* **Data to process**:
-=-=-

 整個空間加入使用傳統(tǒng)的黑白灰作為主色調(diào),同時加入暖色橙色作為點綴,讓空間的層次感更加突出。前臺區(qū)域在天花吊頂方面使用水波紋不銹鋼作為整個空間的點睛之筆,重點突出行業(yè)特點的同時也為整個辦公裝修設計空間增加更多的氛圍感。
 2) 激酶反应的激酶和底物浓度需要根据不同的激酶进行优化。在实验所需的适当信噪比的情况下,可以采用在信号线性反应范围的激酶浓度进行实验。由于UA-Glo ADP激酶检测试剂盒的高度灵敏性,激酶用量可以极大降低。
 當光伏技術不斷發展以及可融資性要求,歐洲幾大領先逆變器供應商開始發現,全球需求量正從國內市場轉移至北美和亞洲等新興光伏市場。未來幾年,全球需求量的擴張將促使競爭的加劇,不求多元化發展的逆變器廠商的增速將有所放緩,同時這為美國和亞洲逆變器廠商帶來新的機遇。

-=-=-

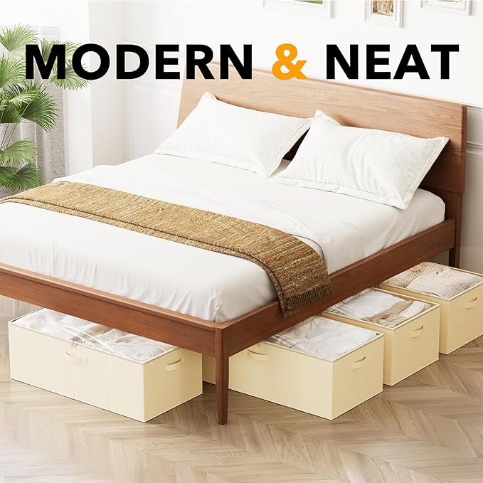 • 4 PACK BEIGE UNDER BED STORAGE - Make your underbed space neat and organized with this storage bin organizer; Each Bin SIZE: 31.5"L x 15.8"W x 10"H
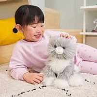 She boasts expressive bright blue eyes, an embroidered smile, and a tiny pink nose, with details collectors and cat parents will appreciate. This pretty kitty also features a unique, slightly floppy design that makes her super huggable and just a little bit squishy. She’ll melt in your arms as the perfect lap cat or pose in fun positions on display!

-=-=-

* **Work to complete**: Going back to the entries above, set down exactly the lines that begin at the one with "整個空間加入使用傳統(tǒn" and end at the one with "當光伏技術不斷發展以及可融資", both included, and nothing else.

* **Response below**:
 整個空間加入使用傳統(tǒng)的黑白灰作為主色調(diào),同時加入暖色橙色作為點綴,讓空間的層次感更加突出。前臺區(qū)域在天花吊頂方面使用水波紋不銹鋼作為整個空間的點睛之筆,重點突出行業(yè)特點的同時也為整個辦公裝修設計空間增加更多的氛圍感。
 2) 激酶反应的激酶和底物浓度需要根据不同的激酶进行优化。在实验所需的适当信噪比的情况下,可以采用在信号线性反应范围的激酶浓度进行实验。由于UA-Glo ADP激酶检测试剂盒的高度灵敏性,激酶用量可以极大降低。
 當光伏技術不斷發展以及可融資性要求,歐洲幾大領先逆變器供應商開始發現,全球需求量正從國內市場轉移至北美和亞洲等新興光伏市場。未來幾年,全球需求量的擴張將促使競爭的加劇,不求多元化發展的逆變器廠商的增速將有所放緩,同時這為美國和亞洲逆變器廠商帶來新的機遇。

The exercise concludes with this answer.